As processor chip production is encouraged in the United States, China calls the move an attack on international trade.
This week, President Biden signed a law which promises billions in grants and aid to those who would invest in U.S.-based chip factories. It is partially meant to bolster U.S. industry, and partially meant to cushion other industries against supply chain disruptions.
Most low-end processor chips, which are used in everything from cars to smartphones to medical equipment, are made in Taiwan and China. During the pandemic, shipping restrictions and pivoting priorities made for rolling scarcities that haven’t completely been resolved yet.
The “CHIPS and Science Act,” as the new law is called, demands research spending to total around $200 billion by 2022, according to the Congressional Budget Office. It will include tax breaks for companies building new chip manufacturing plants here in the U.S., and boost related investments in robotics and wireless communication.

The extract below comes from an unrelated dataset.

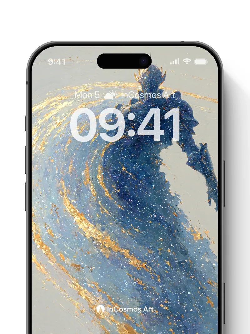 Debug product.metafields.custom.desc: Did you know ancient sailors once believed waves carried the breath of gods? Here, a warrior forged from starlight rides a tide of liquid sapphire and gold, where every curve hums with celestial energy. The armor glows not with metal, but with trapped galaxies—its edges flicker like dying supernovas, while the water swirls in slow motion, as if time itself is being rewound by myth.

China has spent many billions of dollars themselves in developing their own processor chip production industry. While they have warned that any support of Taiwanese independence by the U.S. might have a consequence of more chip shortages and possibly outright war, China is also calling this new funding reminiscent of a “Cold war mentality.”
It will “disrupt international trade and distort global semiconductor supply chains,” said a Foreign Ministry spokesperson, Wang Wenbin. “China firmly opposes that.”
Wang also asserts that the law “restrict companies’ normal investment and economic and trade activities in China,” though he gave no details supporting that claim.
The world is already seeing war-based trade disruptions, with regards to wheat and vegetable oil that would ordinarily be coming from Ukraine. The Russian invasion of that country has caused food shortages in Eurupe and northern Africa. Industry investors are afraid of the same thing happening in tech in case of dissolving relations between the U.S. and China.